▶ **WHAT NEEDS TO BE DONE**: The required output is the lines from the one with "2. 倉庫作業指示、作業進捗の可視化が可能" through the end of the data, repeated verbatim, with no pictures included.

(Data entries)
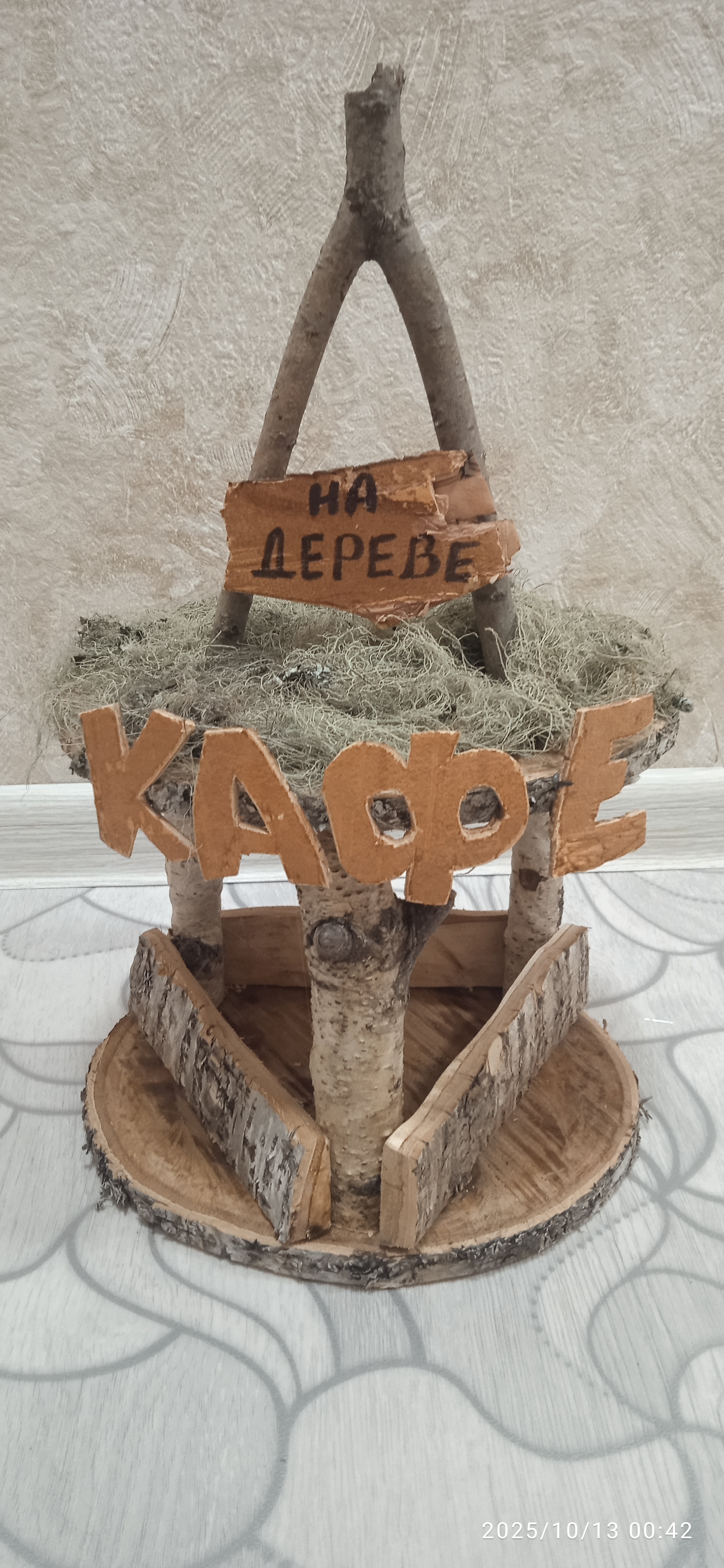 Всем привет. Может кому пригодится идея. Делал ребенку в школу. Использовал два спила от березовой чурки, ветки, березовая кора, мох. По фото я думаю все понятно, но если есть вопросы, пишите, отвечу. Всем удачи и всех благ.
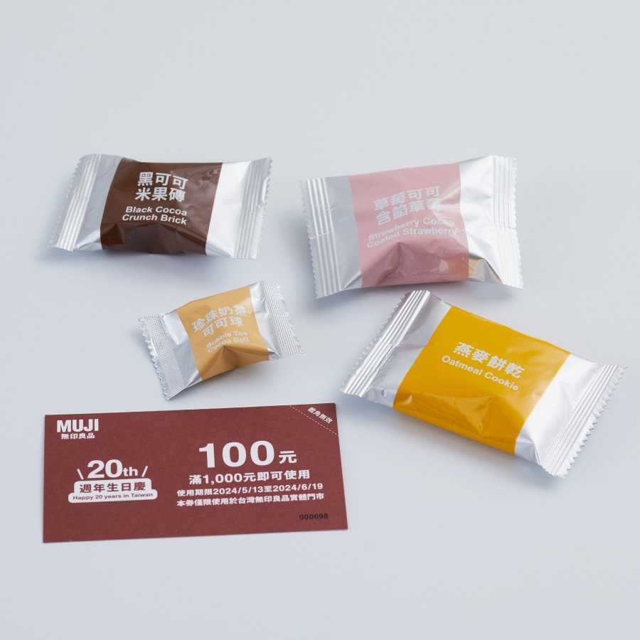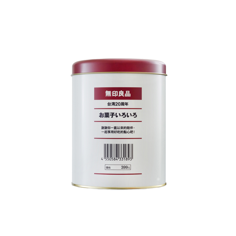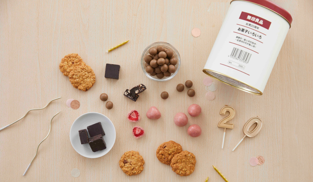台灣20週年生日桶,399元:生日桶內包含燕麥餅乾、黑可可米果磚、珍珠奶茶可可球和無選別草莓可可含餡草莓,多種口味一次滿足。MUJI無印良品希望與您共享歡聚時光,創造更多的快樂回憶。(數量有限,售完為止)
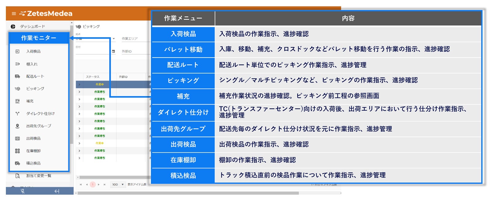 2. 倉庫作業指示、作業進捗の可視化が可能
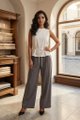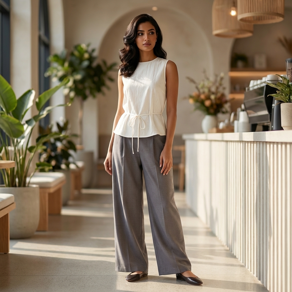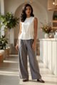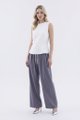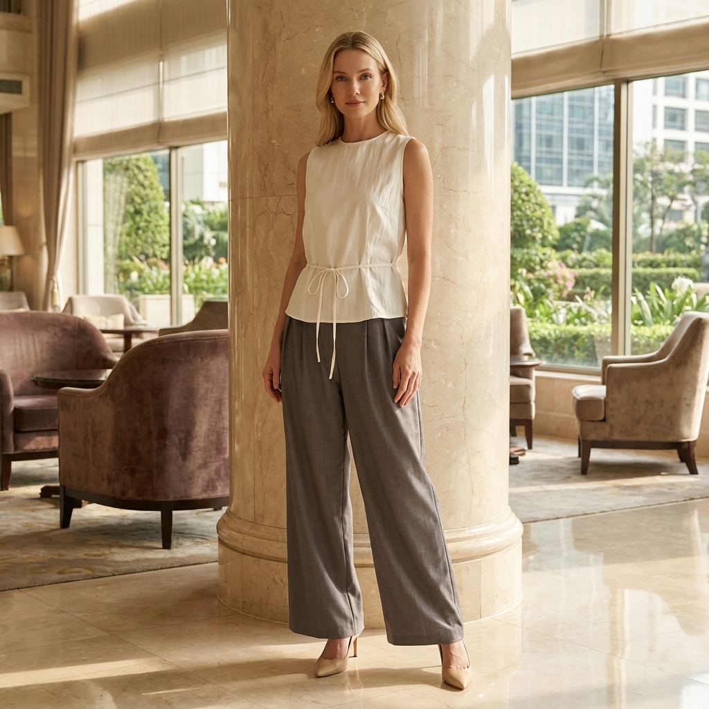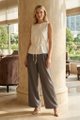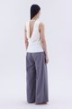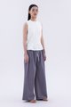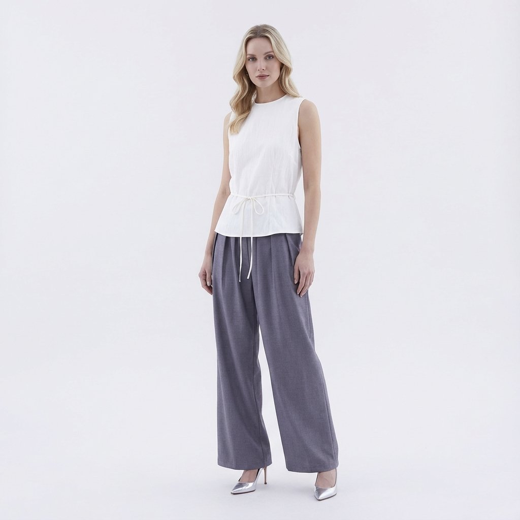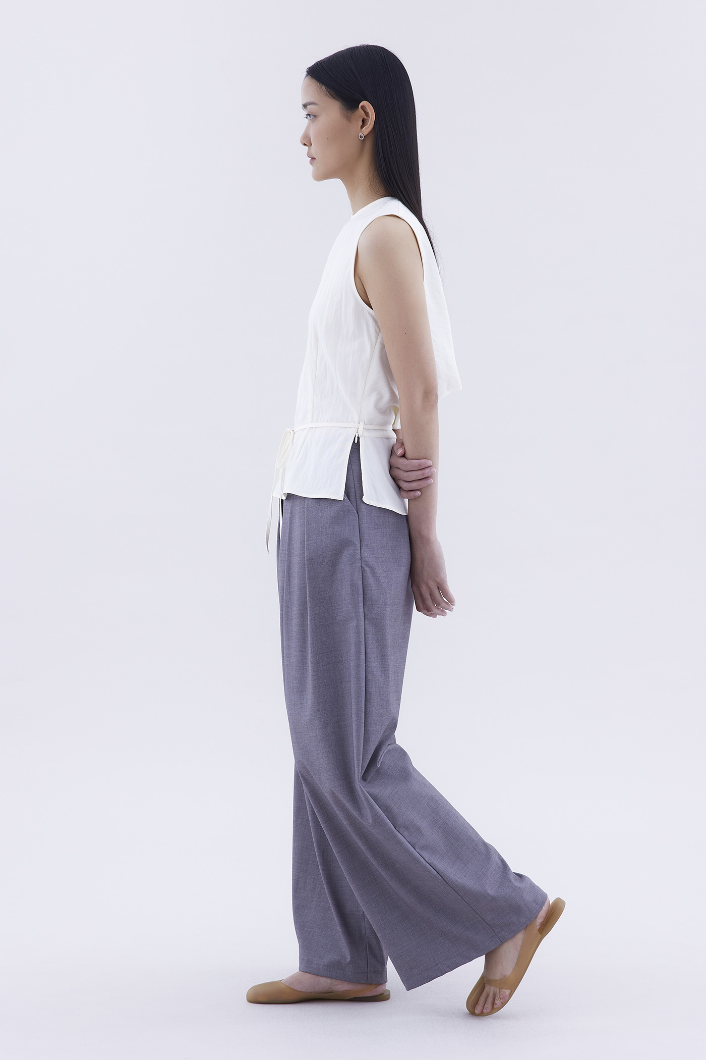 One top, two sides. Made from smooth and airy fabric, this sleeveless top features a round neckline, waist tie-strap, as well as a drapey back opening with a connecting strap. Worn in a relaxed silhouette.
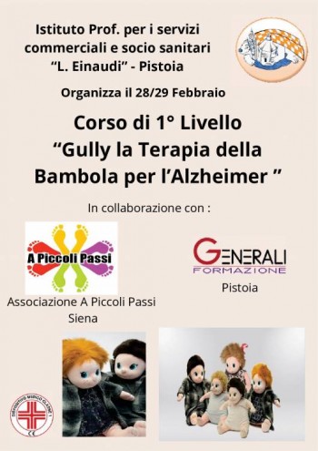 Generali Arredamenti Srl divisione Formazione - Associazione A piccoli passi di Siena - - Istituto Luigi Einaudi di Pistoia presentano: Il corso di formazione "Gully la Terapia della Bambola" dedicato agli studenti delle scuole superiori con indirizzo socio-sanitario. L’Istituto Professionale di Stato per i Servizi Commerciali e Socio Sanitari “Luigi Einaudi” è la prima scuola in provincia di Pistoia ad avviare una formazione per studenti sulle Terapie non Farmacologiche utili nel trattamento delle demenze e patologia Alzheimer. Il 28 febbraio, in occasione dell´inizio del corso, sarà presente il Vicesindaco di Pistoia Anna Maria Celesti per condividere la rilevanza del progetto, e rimarcare l’eccellenza delle scuole che credono nella preparazione dei propri studenti ad un approccio innovativo e validato per la gestione delle persone con Alzheimer. Un’ importante esperienza di Formazione per i ragazzi, ai quali alla fine del corso verrà rilasciato attestato di partecipazione I Livello per la somministrazione della Terapia della Bambola Dispositivo Medico.

▶ **ANSWER TO THIS PROBLEM**:
 2. 倉庫作業指示、作業進捗の可視化が可能
 One top, two sides. Made from smooth and airy fabric, this sleeveless top features a round neckline, waist tie-strap, as well as a drapey back opening with a connecting strap. Worn in a relaxed silhouette.
 Generali Arredamenti Srl divisione Formazione - Associazione A piccoli passi di Siena - - Istituto Luigi Einaudi di Pistoia presentano: Il corso di formazione "Gully la Terapia della Bambola" dedicato agli studenti delle scuole superiori con indirizzo socio-sanitario. L’Istituto Professionale di Stato per i Servizi Commerciali e Socio Sanitari “Luigi Einaudi” è la prima scuola in provincia di Pistoia ad avviare una formazione per studenti sulle Terapie non Farmacologiche utili nel trattamento delle demenze e patologia Alzheimer. Il 28 febbraio, in occasione dell´inizio del corso, sarà presente il Vicesindaco di Pistoia Anna Maria Celesti per condividere la rilevanza del progetto, e rimarcare l’eccellenza delle scuole che credono nella preparazione dei propri studenti ad un approccio innovativo e validato per la gestione delle persone con Alzheimer. Un’ importante esperienza di Formazione per i ragazzi, ai quali alla fine del corso verrà rilasciato attestato di partecipazione I Livello per la somministrazione della Terapia della Bambola Dispositivo Medico.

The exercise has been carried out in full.